**** Supplied records
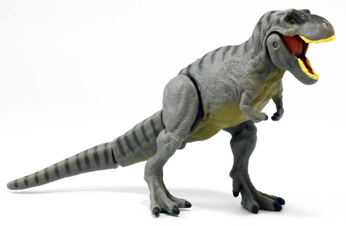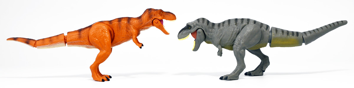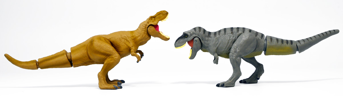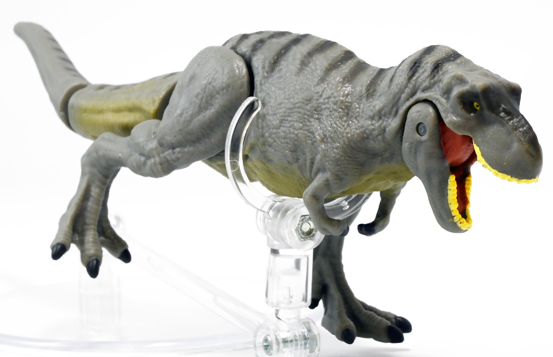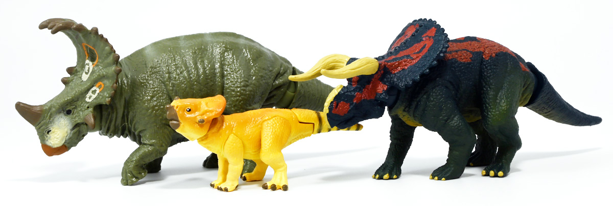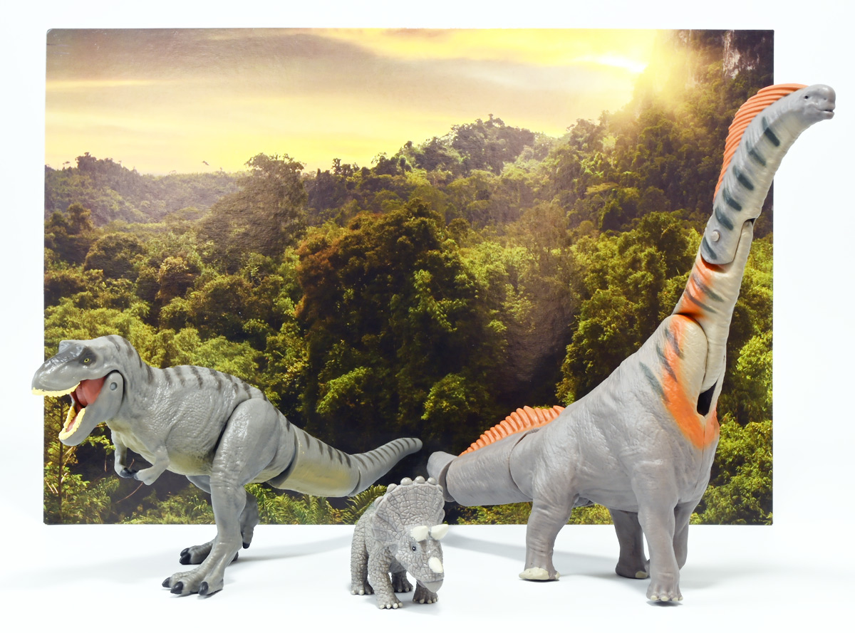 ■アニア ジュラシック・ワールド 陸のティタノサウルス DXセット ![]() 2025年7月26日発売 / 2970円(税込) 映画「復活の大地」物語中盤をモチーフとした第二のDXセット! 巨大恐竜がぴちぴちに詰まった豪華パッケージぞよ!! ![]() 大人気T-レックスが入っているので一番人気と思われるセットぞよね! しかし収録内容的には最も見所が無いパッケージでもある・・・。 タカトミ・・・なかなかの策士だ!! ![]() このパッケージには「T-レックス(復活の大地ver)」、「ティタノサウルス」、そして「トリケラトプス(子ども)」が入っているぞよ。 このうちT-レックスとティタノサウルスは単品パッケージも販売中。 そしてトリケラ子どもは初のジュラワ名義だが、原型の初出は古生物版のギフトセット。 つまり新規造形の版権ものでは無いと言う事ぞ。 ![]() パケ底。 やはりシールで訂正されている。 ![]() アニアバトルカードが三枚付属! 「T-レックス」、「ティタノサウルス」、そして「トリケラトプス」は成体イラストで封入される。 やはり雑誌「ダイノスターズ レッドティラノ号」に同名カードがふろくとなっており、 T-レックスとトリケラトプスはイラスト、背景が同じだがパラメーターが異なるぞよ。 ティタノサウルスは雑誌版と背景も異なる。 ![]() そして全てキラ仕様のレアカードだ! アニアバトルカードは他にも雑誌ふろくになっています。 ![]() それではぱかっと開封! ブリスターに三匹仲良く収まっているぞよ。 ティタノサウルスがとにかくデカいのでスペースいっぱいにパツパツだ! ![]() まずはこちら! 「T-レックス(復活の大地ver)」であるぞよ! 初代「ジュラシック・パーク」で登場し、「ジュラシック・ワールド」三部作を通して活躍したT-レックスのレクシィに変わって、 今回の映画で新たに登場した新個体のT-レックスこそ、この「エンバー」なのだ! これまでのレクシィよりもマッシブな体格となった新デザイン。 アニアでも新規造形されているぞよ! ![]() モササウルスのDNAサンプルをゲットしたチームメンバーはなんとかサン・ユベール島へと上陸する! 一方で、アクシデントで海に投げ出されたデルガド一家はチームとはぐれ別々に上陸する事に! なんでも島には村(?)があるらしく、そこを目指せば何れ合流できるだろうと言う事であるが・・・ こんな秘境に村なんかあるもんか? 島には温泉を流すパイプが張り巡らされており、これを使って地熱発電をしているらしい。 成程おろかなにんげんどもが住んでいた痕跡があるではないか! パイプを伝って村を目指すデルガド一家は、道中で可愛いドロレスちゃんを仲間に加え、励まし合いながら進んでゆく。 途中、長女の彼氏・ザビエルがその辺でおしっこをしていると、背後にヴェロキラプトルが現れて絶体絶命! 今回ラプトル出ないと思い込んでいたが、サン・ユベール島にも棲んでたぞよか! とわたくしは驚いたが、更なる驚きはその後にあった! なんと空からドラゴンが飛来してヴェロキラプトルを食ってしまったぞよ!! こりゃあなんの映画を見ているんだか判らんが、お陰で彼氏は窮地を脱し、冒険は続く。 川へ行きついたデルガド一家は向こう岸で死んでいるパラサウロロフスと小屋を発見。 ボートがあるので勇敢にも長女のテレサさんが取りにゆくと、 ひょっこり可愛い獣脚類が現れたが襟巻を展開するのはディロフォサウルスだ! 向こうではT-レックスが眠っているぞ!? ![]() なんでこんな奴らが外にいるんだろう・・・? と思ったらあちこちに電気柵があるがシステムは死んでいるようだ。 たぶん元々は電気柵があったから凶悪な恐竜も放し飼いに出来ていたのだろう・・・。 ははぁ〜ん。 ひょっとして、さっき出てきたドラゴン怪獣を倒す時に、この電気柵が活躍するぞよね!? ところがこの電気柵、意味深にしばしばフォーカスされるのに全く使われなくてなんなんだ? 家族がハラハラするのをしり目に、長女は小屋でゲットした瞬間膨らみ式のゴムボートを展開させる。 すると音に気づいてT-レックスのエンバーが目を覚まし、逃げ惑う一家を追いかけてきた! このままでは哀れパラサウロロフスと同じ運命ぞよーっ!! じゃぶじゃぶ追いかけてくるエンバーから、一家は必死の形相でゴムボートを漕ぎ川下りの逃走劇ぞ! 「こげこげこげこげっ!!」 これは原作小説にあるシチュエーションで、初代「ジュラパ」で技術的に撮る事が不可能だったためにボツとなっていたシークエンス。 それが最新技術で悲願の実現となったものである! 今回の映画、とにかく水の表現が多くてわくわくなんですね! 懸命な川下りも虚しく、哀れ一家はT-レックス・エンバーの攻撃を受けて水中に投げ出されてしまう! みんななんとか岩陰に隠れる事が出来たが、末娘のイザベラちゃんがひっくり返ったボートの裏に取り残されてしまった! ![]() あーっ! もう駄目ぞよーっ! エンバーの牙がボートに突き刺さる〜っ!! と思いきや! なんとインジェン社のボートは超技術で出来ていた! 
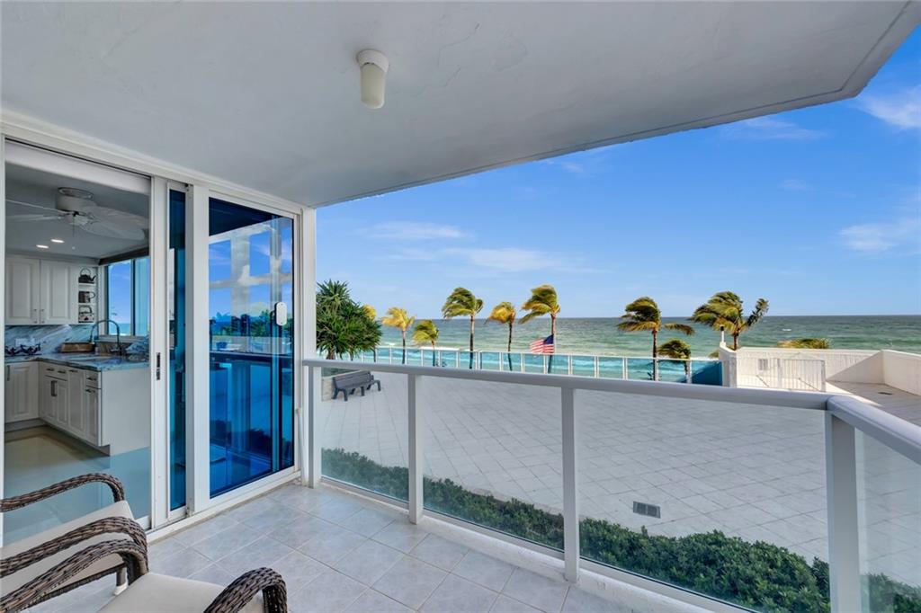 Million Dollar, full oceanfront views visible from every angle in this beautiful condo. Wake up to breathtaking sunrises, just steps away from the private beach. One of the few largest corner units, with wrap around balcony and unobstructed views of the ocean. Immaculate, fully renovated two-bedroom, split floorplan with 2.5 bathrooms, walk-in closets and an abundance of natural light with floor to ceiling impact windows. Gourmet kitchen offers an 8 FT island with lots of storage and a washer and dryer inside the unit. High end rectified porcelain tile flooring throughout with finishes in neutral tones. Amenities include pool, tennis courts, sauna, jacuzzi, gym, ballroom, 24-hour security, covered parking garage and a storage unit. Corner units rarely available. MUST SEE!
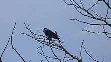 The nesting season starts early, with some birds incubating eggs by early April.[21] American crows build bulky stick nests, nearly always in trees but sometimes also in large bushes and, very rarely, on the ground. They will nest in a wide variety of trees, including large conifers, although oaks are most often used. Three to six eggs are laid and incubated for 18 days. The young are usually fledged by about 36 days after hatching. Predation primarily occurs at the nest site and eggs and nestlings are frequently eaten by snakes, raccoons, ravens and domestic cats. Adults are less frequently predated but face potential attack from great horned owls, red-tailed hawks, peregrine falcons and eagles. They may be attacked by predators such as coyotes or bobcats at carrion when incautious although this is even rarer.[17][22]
********
**** Supplied records
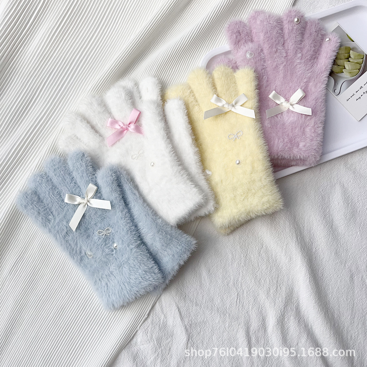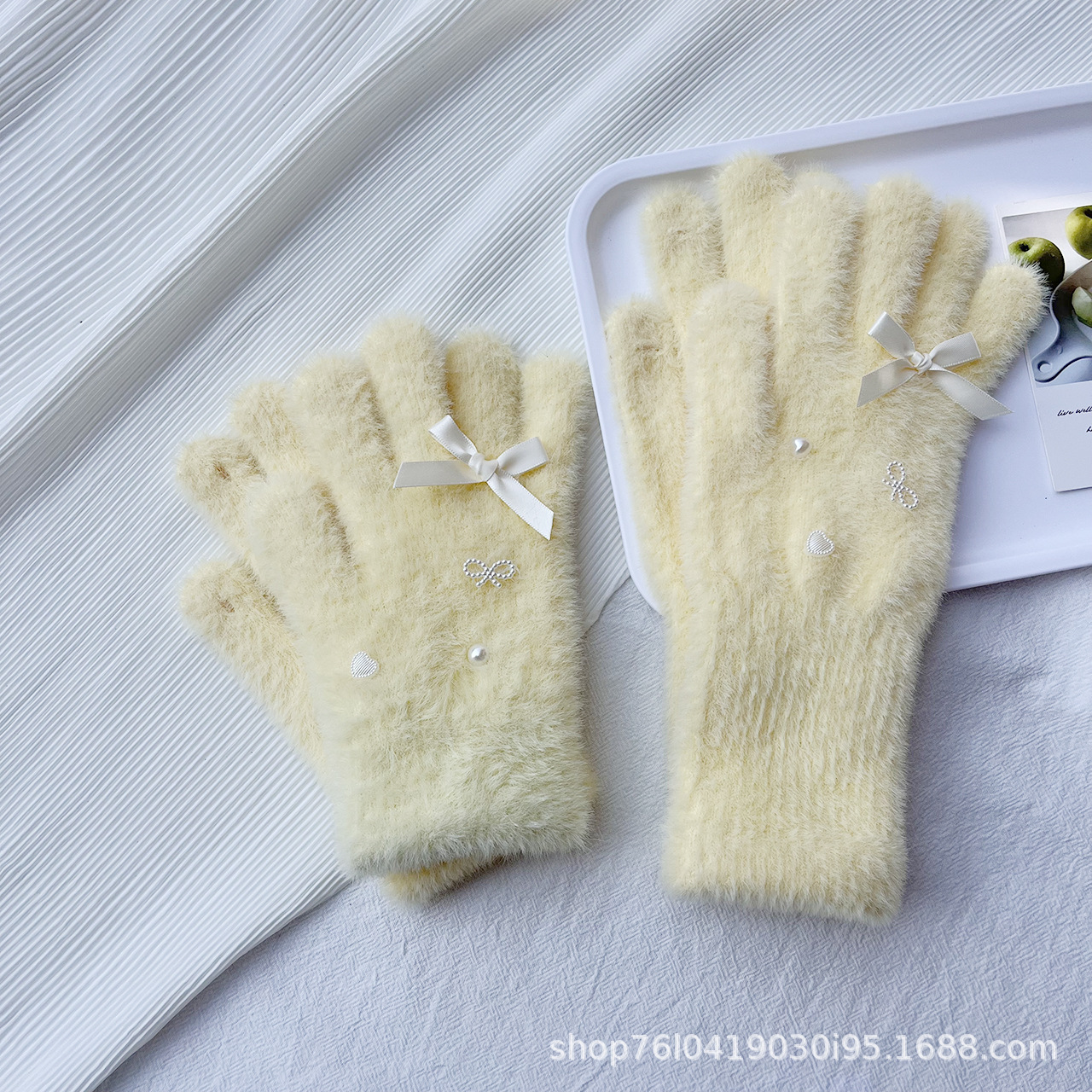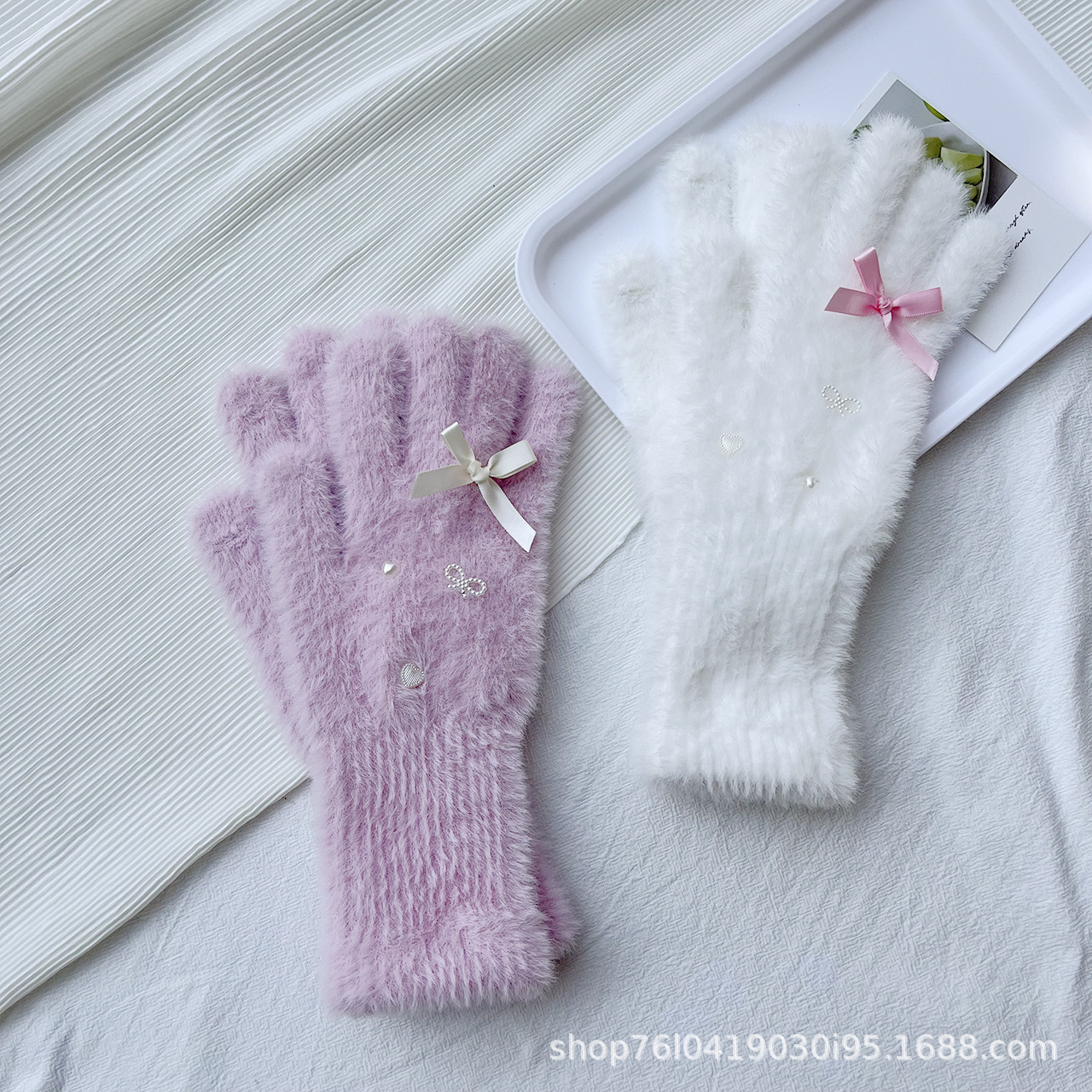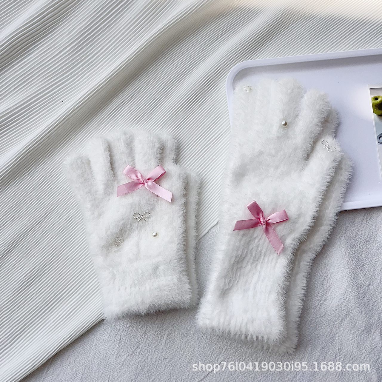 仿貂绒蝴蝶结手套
********
The stretch above running from the line with "Million Dollar, full" through the line with "The nesting season" is all you should copy, exactly, leaving out the pictures.

# Written response
 Million Dollar, full oceanfront views visible from every angle in this beautiful condo. Wake up to breathtaking sunrises, just steps away from the private beach. One of the few largest corner units, with wrap around balcony and unobstructed views of the ocean. Immaculate, fully renovated two-bedroom, split floorplan with 2.5 bathrooms, walk-in closets and an abundance of natural light with floor to ceiling impact windows. Gourmet kitchen offers an 8 FT island with lots of storage and a washer and dryer inside the unit. High end rectified porcelain tile flooring throughout with finishes in neutral tones. Amenities include pool, tennis courts, sauna, jacuzzi, gym, ballroom, 24-hour security, covered parking garage and a storage unit. Corner units rarely available. MUST SEE!
 The nesting season starts early, with some birds incubating eggs by early April.[21] American crows build bulky stick nests, nearly always in trees but sometimes also in large bushes and, very rarely, on the ground. They will nest in a wide variety of trees, including large conifers, although oaks are most often used. Three to six eggs are laid and incubated for 18 days. The young are usually fledged by about 36 days after hatching. Predation primarily occurs at the nest site and eggs and nestlings are frequently eaten by snakes, raccoons, ravens and domestic cats. Adults are less frequently predated but face potential attack from great horned owls, red-tailed hawks, peregrine falcons and eagles. They may be attacked by predators such as coyotes or bobcats at carrion when incautious although this is even rarer.[17][22]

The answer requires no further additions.